Obama, the IMF and OECD are all wrong about Brexit, these economists say

The 'Brexit' debacle, explained
The 'Brexit' debacle, explained

A group of economists has just made a bold claim: President Obama, the International Monetary Fund and just about every big Wall Street bank have got their sums wrong about Britain's prospects if it exits the European Union.

Rather than hitting trade and slowing growth, a so-called Brexit would boost the U.K. economy by 4%, the group of eight independent economists said Thursday.

They include Roger Bootle, a former chief economist at HSBC (HSBC) and founder of Capital Economics, and Gerard Lyons, chief economic adviser to Boris Johnson, the London mayor who is campaigning for Brexit.

But their view is something of a minority report.

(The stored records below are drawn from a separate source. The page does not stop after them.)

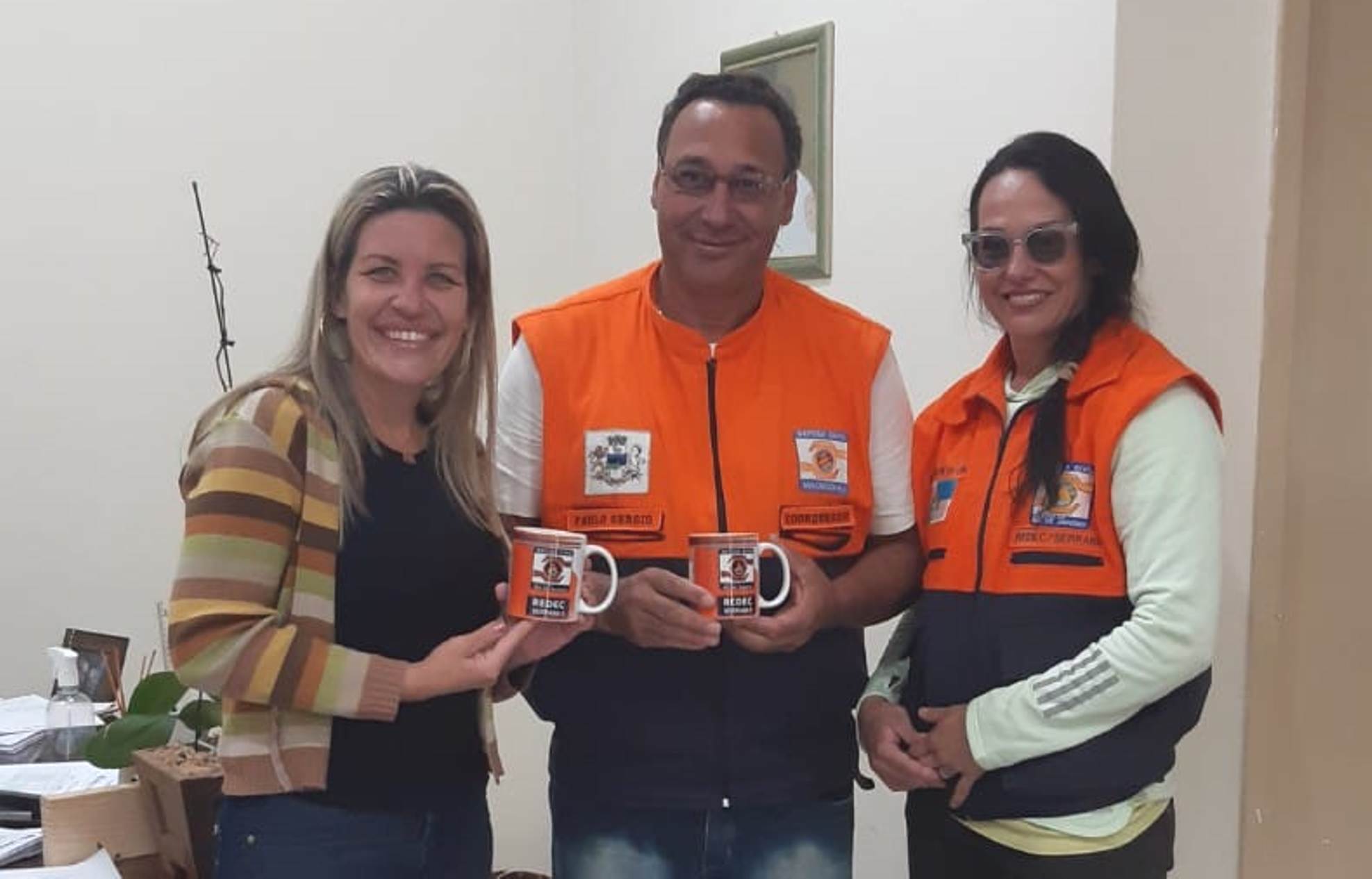 Prefeita Michelle Bianchini, coordenador de Defesa Civil de Macuco Paulo Sergio Machado e coordenadora da REDEC/Serrana Tenente Silvia Lima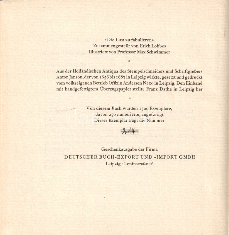 Kolofon: "Vom diesem Buch wurden 1500 Exemplare, davon 250 numerierte, angefertigt. Dieses Exemplar trägt die Nummer 214".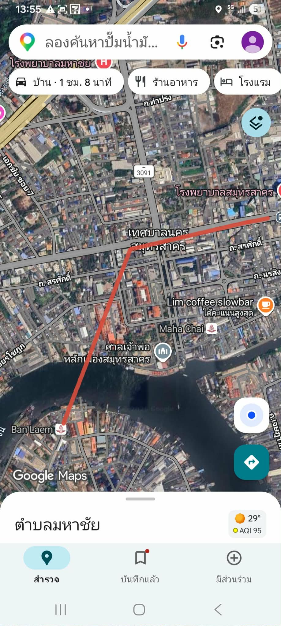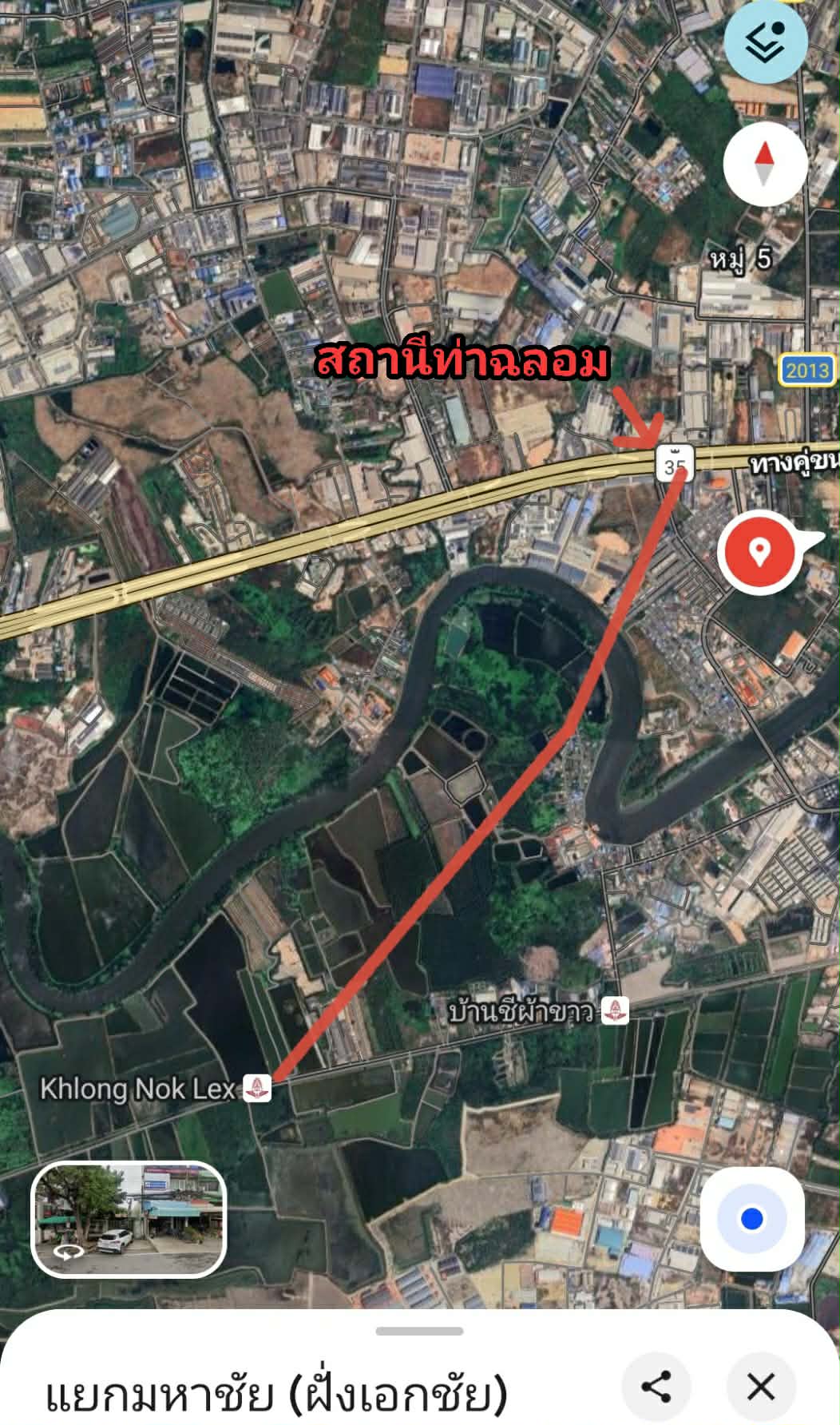 แต่เดี๋ยวก่อน การต่อขยายไปอีกฝั่งนั้น ง่ายจริงตามที่ข่าวบอกมั้ย เราก็ลองมาลากเส้นดู ซึ่งมาพอลากเส้นแล้ว ไม่น่าจะเป็นพื้นที่โล่งตามที่ข่าวบอก มีแต่ว่าจะเวนคืนที่ดินมาก เวนคืนที่ดินน้อย ถ้าตามภาพนี้ก็น่าจะเวนคืนพื้นที่แถวๆเคหะชุมชนสมุทรสาคร และกว่าที่รถไฟฟ้าวงเวียนใหญ่-มหาชัยสร้างเสร็จอีกหลายปี ปี 77 โน่น อีกฝั่งที่ข่าวบอกว่าเป็นพื้นที่โล่ง ต่อขยายเส้นทางรถไฟถึงปากท่อง่าย อาจจะกลายเป็นพื้นที่ชุมชนหนาแน่น ต่อขยายเส้นทางรถไฟยากแล้วก็ได้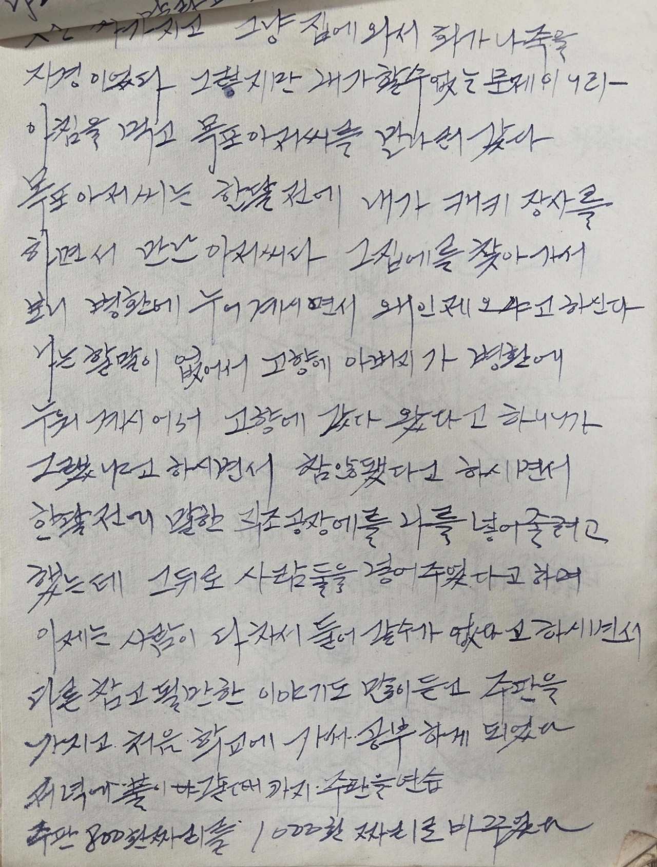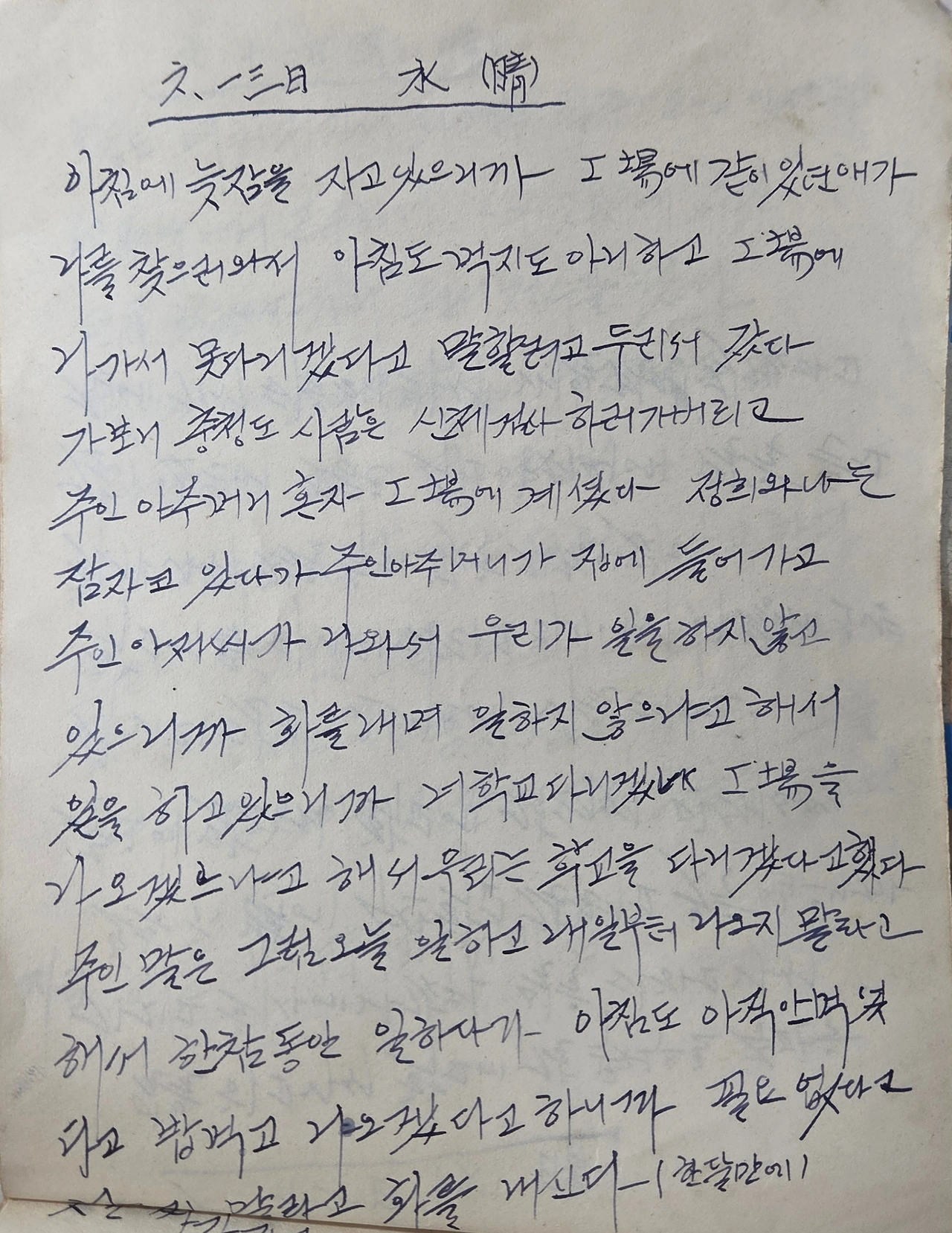아침에 늦잠을 자고 있으니까 공장에 같이 있던 애가 나를 찾으러 와서 아침도 먹지도 아니하고 공장에 나가서 못 다니겠다고 말할려고 둘이서 갔다. 가보니 충청도 사람들은 신체검사 하러 가버리고 주인아주머니 혼자 공장에 계셨다. 정희와 나는 잠자고 있다가 주인아주머니가 집에 들어가고 주인아저씨가 나와서 우리가 일을 하지 않고 있으니까 화를 내며 일하지 않으냐고 해서 일을 하고 있으니까 너 학교 다니겠냐 공장을 나오겠느냐고 해서 우리는 학교를 다니겠다고 했다.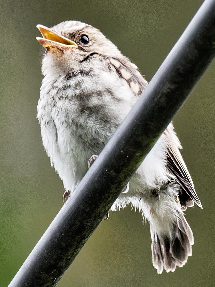 Une petite promenade dans le bocage de Blonville sur Mer à 1 km du marais, m'a permis d'observer un groupe de 5 ou 6 jeunes gobemouches gris sur un fil électrique. Un seul a accepté de prendre la pose..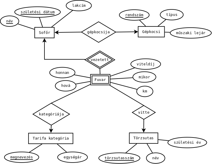 Sofőr(név, születési dátum, lakcím, rendszám)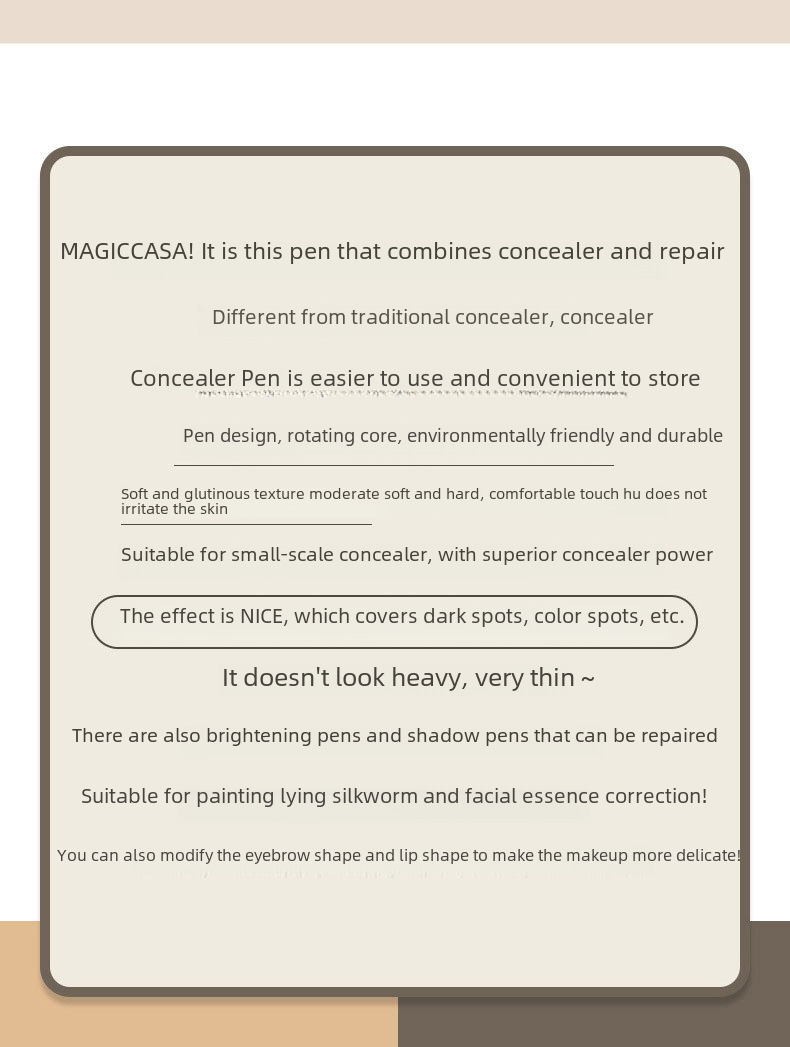 | Time to market : 2017,Face,01# white color,02# natural color,03# Gray Brown,ebay,Amazon,wish,AliExpress,Independent Station,LAZADA,Africa,Southeast Asia,North America,Northeast Asia,Yes,Yes,Domestic brand,Zhejiang G makeup net preparation word 2016011046,No,Concealer pen, concealer,MAGIC CASA,Ivory White,Normal Specifications,No,MC005,China,3 years,General,Concealer,Modifications,Uniform skin tone |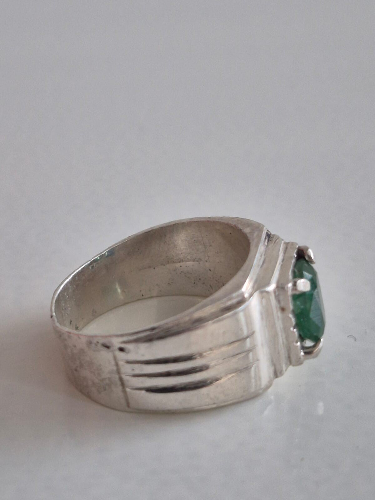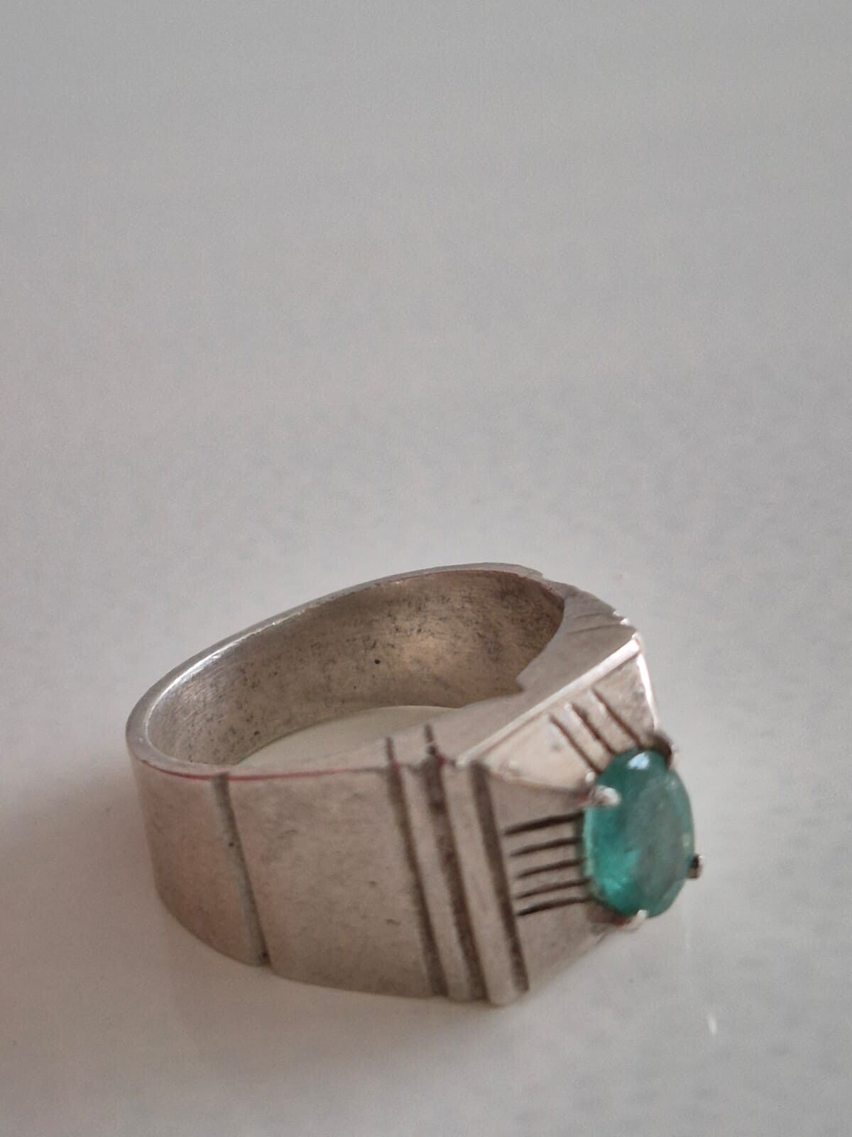 This handmade Afghan men’s emerald ring blends bold design with timeless tradition. Crafted from solid sterling silver, it features a natural oval-cut emerald gemstone at the center, highlighted by clean, engraved lines. Its minimalist yet powerful look makes it perfect for both everyday wear and special occasions.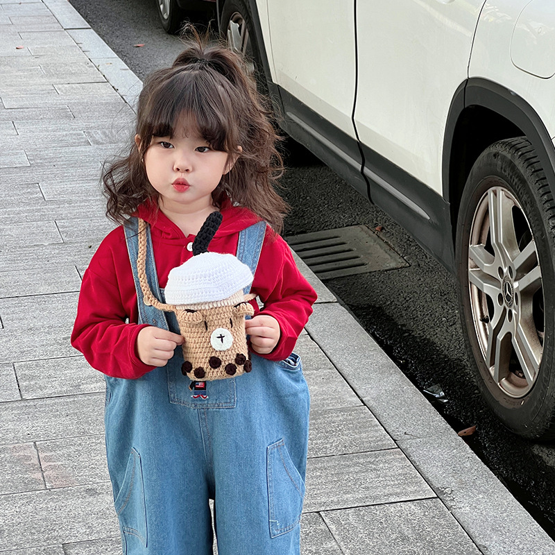 秋冬の新型子供の毛糸の斜めのショルダーバッグのネットの赤い手のかぎ針はミルクの杯を編んで完成品の幼児の間食の包みを包みます。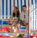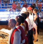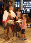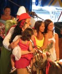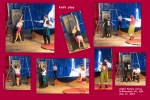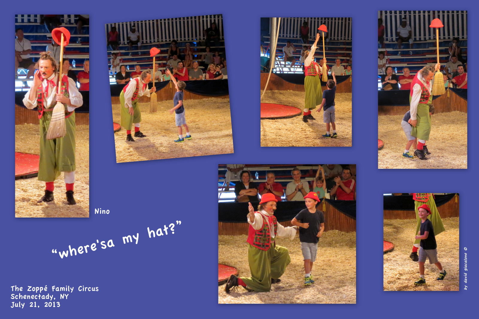 I put together four collages commemorating episodes from the show: Nino trying to find his red hat, with the help of a young audience member; three knife throwers showing their skills; photos of youngsters and families taken with the little horse Cavallino; and Nino trying to figure out just where Papino will allow him to play his trombone (“big trumpet”). Click on each of them for a larger version: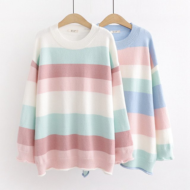 Sweater Stripy Rainbow Sweater Rajut Wanita Rajut Lengan Panjang Korea Sweater Rajut Oversize Sweater Wanita Garis Pelangi Baju Rajut Wanita Korea Sweater Wanita Korean Style Baju Wanita Terbaru 2020 Lazada Indonesia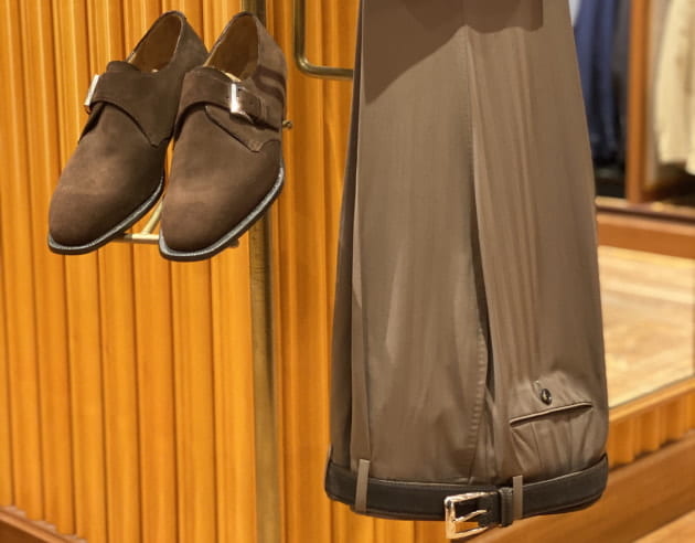 シューズはブラウンスエードのシングルモンク、ベルトも同じくブラウンスエード。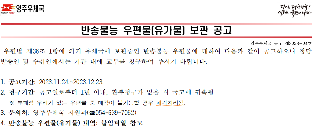 영주우체국 반송불능 우편물 보관 공고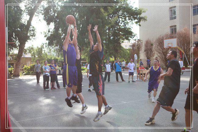2014年6月4日,教职工篮球比赛收官之战在高三冠军队和学校联队之间展开。在之前进行的循环赛中,高三队先后对阵行政、高一、高二、金岸分校四支队伍,豪取四连胜。学校联队由高一、高二、行政三支队伍组成。虽然是表演赛,比赛的激烈程度不亚于循环赛,高三队志在捍卫自己的冠军荣誉,学校联队也奋力冲击,想让高三队初尝败绩。比赛一开始,双方交替领先,比赛几乎陷入了胶着状态。随着学校联队失误不断,高三冠军队接连快攻得分,分差逐渐拉开,高三冠军队巩固并保持了领先优势直至终场哨响。
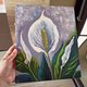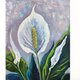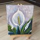 - 手绘原创白色和平百合画。花卉原创艺术。色彩缤纷的原创艺术品。花卉印象派绘画 - 绘制在尺寸为 10x12 英寸的面板上。花画的侧面正面有艺术家的签名。

Government finance experts, the Bank of England, the IMF and many forecasters working for banks and other institutions, say Brexit would cause an immediate shock, followed by a weaker trajectory for growth in the long term.

The Organisation for Economic Cooperation and Development joined the chorus this week, predicting that U.K. GDP would be 3% lower by 2020 than if the country remains in the 28-country bloc. The IMF has warned that Brexit would be "negative on all fronts."

In fact, there's evidence that the uncertainty surrounding the result of the June 23 referendum is already hurting the economy.

Related: Obama warns against Brexit

The impact on trade is at the center of the economic arguments over what would happen if the British people vote to leave the EU.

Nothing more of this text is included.